Work to complete: Find the line with "Första advent blir" in the data below. Repeat it and every line after it up to the end, exactly, but drop the pictures.

(Saved entries)
[Start of Attachment]
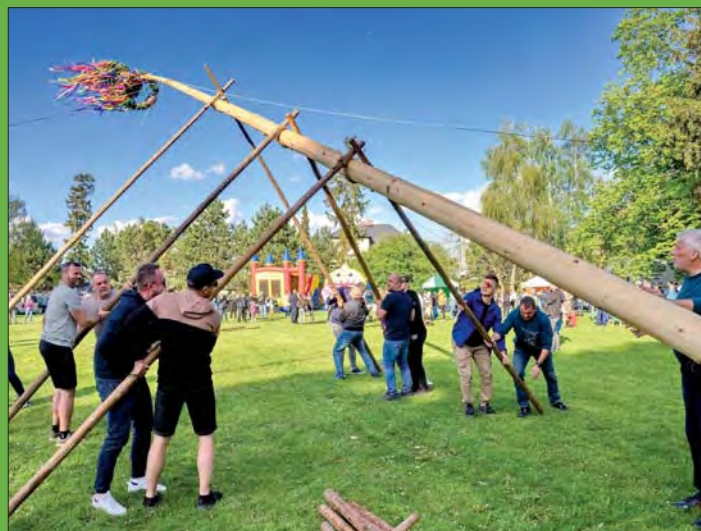
Silní chlapi si poradili.
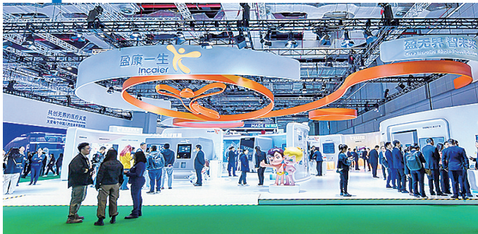
■海尔大健康品牌盈康一生连续5年亮相进博会。

从1991年海尔大规模进军国际市场开始，从欧美市场，再到东南亚市场、中东非市场，海尔不断开启投
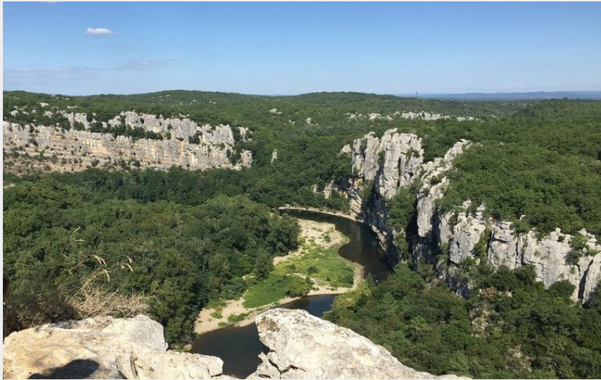
Corniche du Chassezac (SPL Cévennes d'Ardèche)
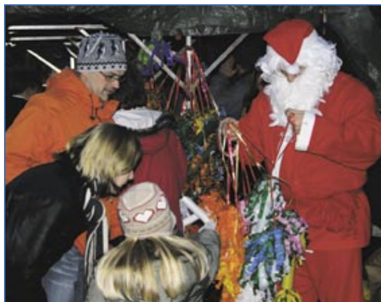
Första advent blir det traditionsenlig julmarknad på och kring Rådhusorget i samband med lykttändningscermonin.
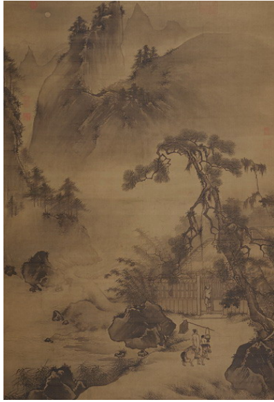
Wang Shichang, Mountain Studio Under Pines, ca. 1525, Gift of Charles Lang Freer, F1916.95 (佛利爾美術館) 明王世昌〈松陰書屋圖〉

王世昌（1462-1531 以後），字時雍，號歷山，山東歷城（今濟南）人。工山水人物。成化時，與吳偉同時被徵，供職畫院，官武英殿直錦衣鎮撫。
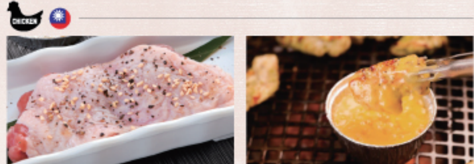
○ 雞腿排 チキン Chicken ・照燒醬 照り焼き Teriyaki ・蒜味醬 ガーリック Garlic ・雙胡椒 ダブルペッパー Double Pepper ○ 雞腿排起士咖哩 チキンチーズカレー Chicken Cheese Curry
[End of Attachment]
Response to this exercise:
Första advent blir det traditionsenlig julmarknad på och kring Rådhusorget i samband med lykttändningscermonin.
Wang Shichang, Mountain Studio Under Pines, ca. 1525, Gift of Charles Lang Freer, F1916.95 (佛利爾美術館) 明王世昌〈松陰書屋圖〉

王世昌（1462-1531 以後），字時雍，號歷山，山東歷城（今濟南）人。工山水人物。成化時，與吳偉同時被徵，供職畫院，官武英殿直錦衣鎮撫。
○ 雞腿排 チキン Chicken ・照燒醬 照り焼き Teriyaki ・蒜味醬 ガーリック Garlic ・雙胡椒 ダブルペッパー Double Pepper ○ 雞腿排起士咖哩 チキンチーズカレー Chicken Cheese Curry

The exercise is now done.